Йена готов упасть в обморок, да и мне кажется, что я перегнул палку. Вдруг этот железный мужик, у которого воображаемые яйца болтаются где-то возле колена, что-то почуяв, скорчит протокольную рожу и скажет: "Ничего, пожалуйста, продолжайте". От этой мысли прожигает огнём, и я отчетливо вижу, заглядывая в рюкзак, как там, будто завёрнутая в полотенце дыня, круглится первая мина. Если он поторопит нас, то я закончу эту сказку и разобью кощееву смерть о мраморный пол. Но для полицейского последней каплей стали чёрные водяные разводы, оставшиеся от носков на столе для досмотра, и он, корча морду, выдавил:
- Свободны.
Я с облегчением запихал обратно все свои вещи. Тоже проделал и Йена, и мы скрылись в глубине метро. Едем молча, как будто виноваты друг перед другом, но на пересадочной станции неожиданно замечаем столпотворение полиции и людей. Паренек вновь сглатывает, пытается спрятать модные наколки и становится ещё меньше, но я вижу, как на перроне лежит, укрытый белой простынёй, труп. Из-под ткани торчит только скрюченная рука, словно она напоследок хотела поймать вылетавшую из тела душу. Чтобы как-то обрадовать погрустневшего подельника, я говорю ему:
- Знаешь, а вот каждый день городское метро использует несколько миллионов человек. За один день в городе умирает чуть больше трёхсот человек. Следовательно, в тех людских толпах, которые каждое утро спускаются в подземку, обязательно есть те, кто уже не выйдет из метро вечером. Подземная дорога пожирает людей. Спустился сюда и у тебя есть маленький шанс никогда не увидеть солнце. Метрополитен - это огромная могила, постоянно наполненная живыми мертвецами. Кто не успел из неё выбраться наружу, тот, хлоп! - я сжал ладони, - остаётся там.

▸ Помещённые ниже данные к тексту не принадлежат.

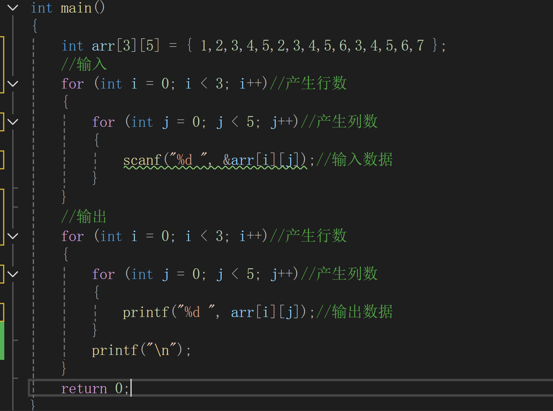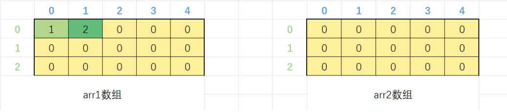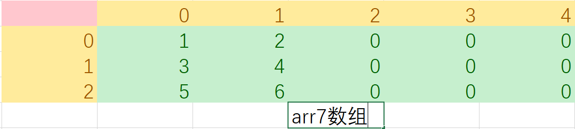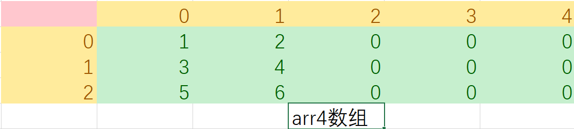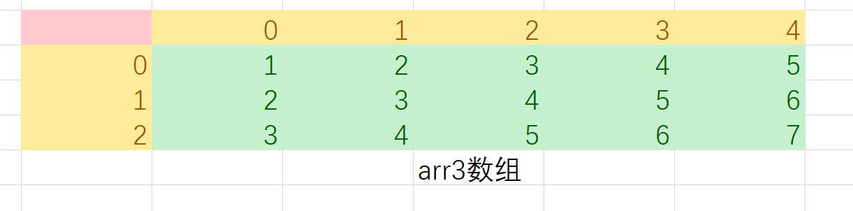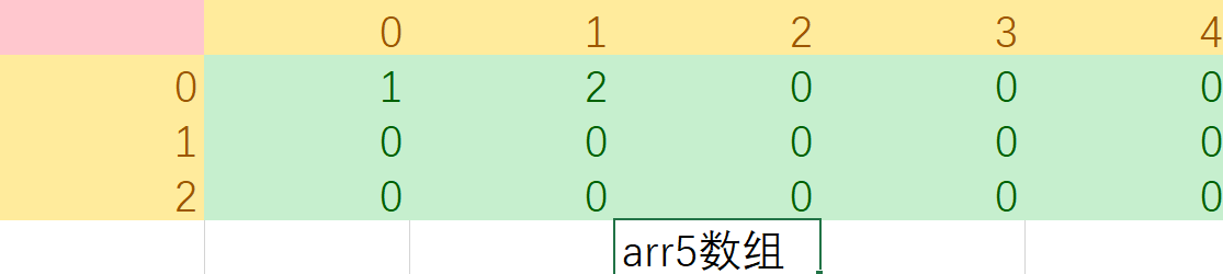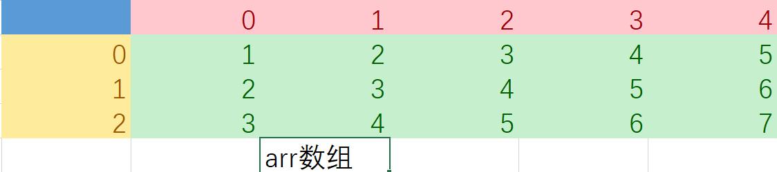 其实我们只要能够按照⼀定的规律产⽣所有的⾏和列的数字就⾏;以上⼀段代码中的arr数组为例,⾏的选择范围是0~2,列的取值范围是0~4,所以我们可以借助循环实现⽣成所有的下标。
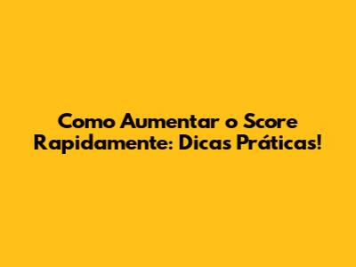 Como Aumentar O Score Rapidamente: Dicas Práticas!
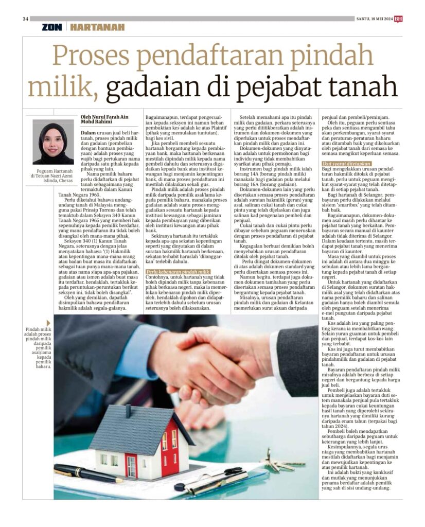 Berita Harian, (5 November 2022) Dato’ Nazri Mustafa, Managing Partner of NAILAW mengupas sedikit tentang Perjanjian Jual Beli bersyarat. Apabila syarat-syarat yang dinyatakan itu dipatuhi, barulah perjanjian jual beli itu mula berkuatkuasa, dan disempurnakan dalam waktu yang dinyatakan. Antara syarat2 common yang biasa dijumpai ialah : 1. Mendapatkan kebenaran pindahmilik; 2. Kebenaran dari pihal ketiga…
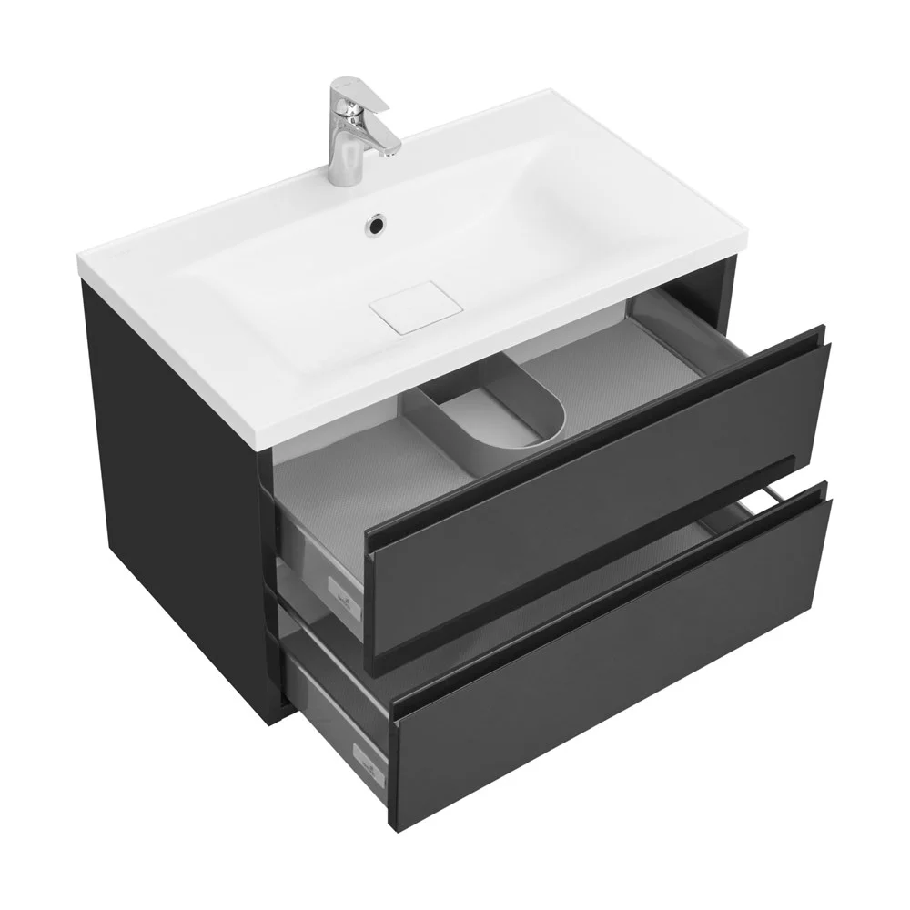Лаконичная модель, созданная для тех, кто предпочитает строгий дизайн в безупречном исполнении. Поверхность фасадов удивляет элегантностью и безупречной ровностью. Этот эффект достигается благодаря стеклянным панелям, установленным на фасадах. В тумбе установлены два ящика, снабженные системой плавного закрывания. Нижний ящик предназначен для больших предметов, а верхний, имеющий удобную систему организации пространства, - для мелких аксессуаров.

В вагоне я ставлю рюкзак на сидение, а Йена делает это так медленно и осторожно, что, кажется, будто снаряды должны взорваться хотя бы ему назло. Бабка, сидящая напротив, зло смотрит на наши рюкзаки. Ей не нравится, что вещи занимают сидячие места, но я не придаю этому значения.
- Да и вообще, это ведь не с проста, что именно у русских такая любовь к подземке. Нас тянет под землю, в это материнское нутро. Самый насущный вопрос русской истории именно о земле. Подумай, ведь именно у нас одно из самых глубоких метро в мире? Подумай только, что сейчас у тебя над головой шестьдесят метров земли. Мы гордимся своим метро. Живём в халупах, но станции метро у нас как дворцы. В том же Нью-Йорке подземка - это обиталище бомжей, тогда как у нас объект гордости. Да вот хотя бы вспомни популярную серию "Метро", где выжившие после ядерной войны ютятся в туннелях. А ещё в каждом тоннеле свой запах, ведь они проложены в разных слоях почвы. Всё это неслучайно, ой как неслучайно.
На станции в вагон хлынула толпа, замариновавшая нас в потном людском соусе. Пассажиры неодобрительно покосились на рюкзаки, занимавшие ценные места, но промолчали, видимо из-за почтения перед моей бородой. Только бабка, не переставая сверлить нас глазами-буравчиками, внезапно подскочила и заверещала:
- Молодые люди, потрудитесь освободить места от ваших баулов.
Я повернулся к ней. Если приятное старческое личико обычно похоже на печёное яблочко, то её морда была похожа на яблочко переваренное. А редкими-редкими усиками она напоминала мистического восточного пашу. Йена печально вздохнул, словно знал, что история с досмотром так легко не завершится.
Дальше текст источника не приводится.